Gubernur Kalbar: Meski Mahasiswi yang Maki Klarifikasi dan Minta Maaf, Saya Tetap Lapor!
![]() |
| Gubernur Kalbar Sutarmidji |
Pontianak (Suara Kalbar) – Buntut dari tindakan ceroboh seorang mahasiswi Kalbar yang melakukan demo tolak Omnibus Law Undang-undang Cipta Kerja berakhir panjang.
Kembali beredar video di media sosial berdurasi 32 detik dimana seorang mahasiswi tersebut melakukan klarifikasi dan meminta maaf kepada Gubenur Kalimantan Barat terkait ucapannya yang menghina Gubernu Kalbar pada aksi unjuk rasa (10/11/2020) kemarin.
Menanggapi video tersebut, Gubernur Kalimantan Barat, Sutarmidji menegaskan akan tetap melaporkan ke Polisi terkait ucapan mahasiswi yang memakinya dengan kata-kata tak pantas.
“Saya tetap akan lapor. Nanti kita lihat,” terangnya saat dihubungi suarakalbar.co.id , Rabu (12/11/2020).
Dirinya menerangkan, dari kejadian inilah dapat menjadi pelajaran bagi mahasiswa yang ingin melakukan unjuk rasa
“Biar semua ada pelajaran bagi mahasiswi kalau betul dia mahasiswi,” tegasnya.
Mantan Walikota Pontianak dua periode ini selanjutnya menyampaikan, menurut informasi yang diterimanya yang bersangkutan masih berstatus sebagai pelajar.
“Saya dengar dia masih pelajar,” sambungnya.
Gubenur Kalbar ini mempersilahkan perempuan tersebut melakukan klarifikasi dengan cara apapun. Dia juga meminta dihargai atas haknya untuk melaporkan ke Polisi terkait penghinaan yang didapatinya.

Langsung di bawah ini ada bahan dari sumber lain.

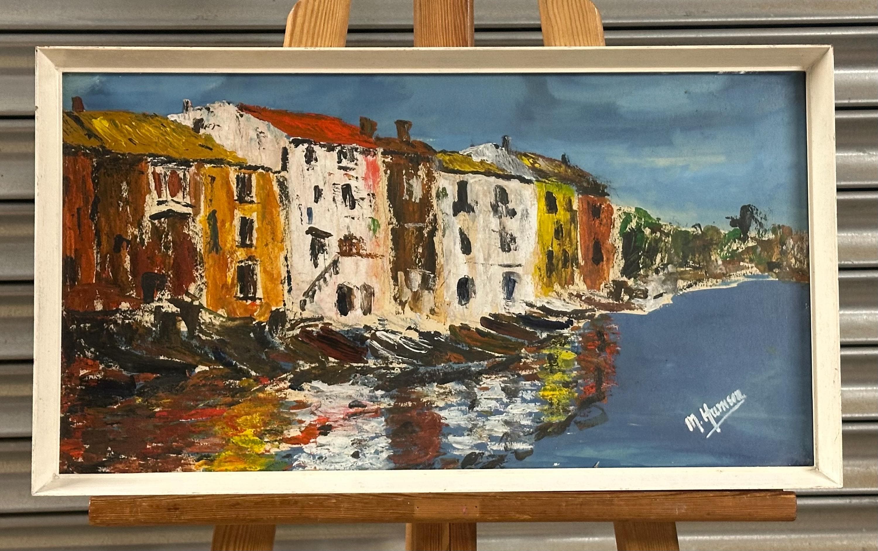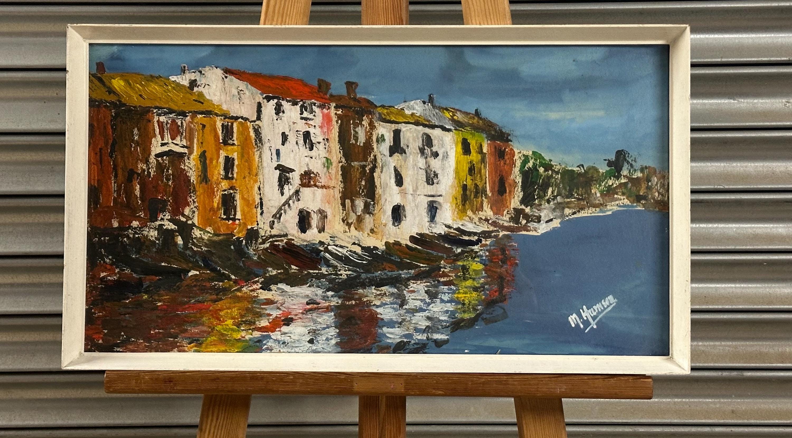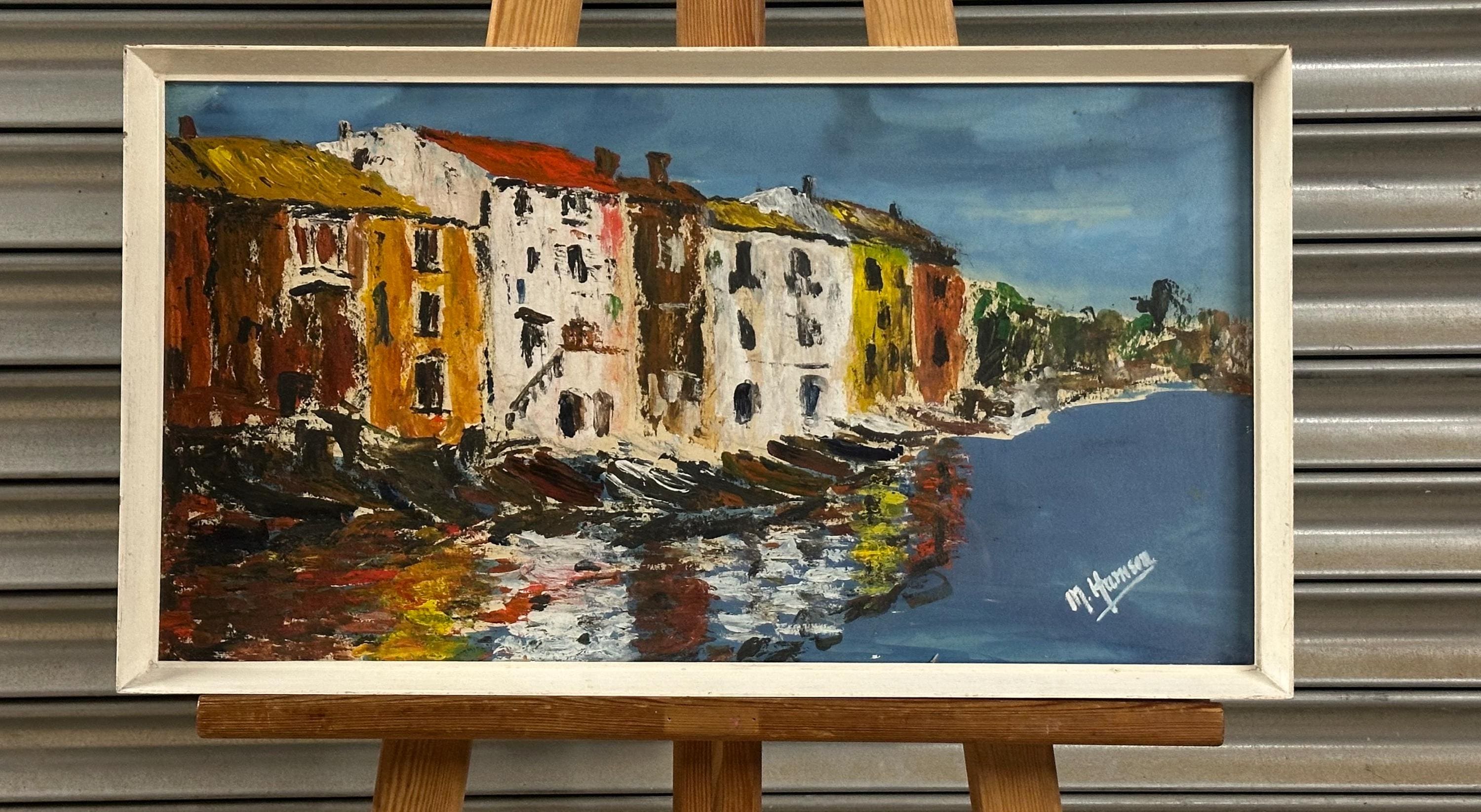 A striking mid-century original oil painting signed M. Harrison, depicting a colourful Mediterranean harbour scene. The artist’s confident brushwork and bold use of colour bring the coastal buildings and reflections on the water to life — rich ochres, warm reds, and bright yellows contrast beautifully with the deep blue sea and sky.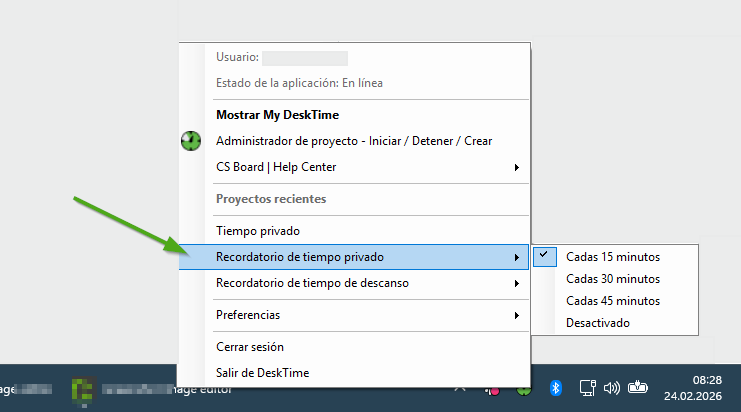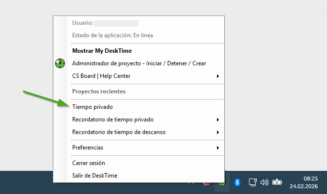 Tiempo privado: para detener temporalmente el seguimiento, haga clic con el botón derecho del ratón en el icono de DeskTime en su barra de tareas y haga clic en Tiempo privado. Mientras esté activo, todo el seguimiento se detendrá hasta que vuelva a desactivar el tiempo privado haciendo clic de nuevo en la misma opción. El icono se volverá gris durante este tiempo para recordarle que el tiempo privado está activado.

“Sementara mau klarifikasi dengan cara apapun terserah. Hormati juga hak saya untuk mempermasalahkan,” kata Sutarmidji.
Dirinya kemudian juga meminta pertanggungjawaban koordinator lapangan pada aksi unjuk rasa 10 November 2020.
“Korlap juga harus bertanggungjawab,” tukasnya.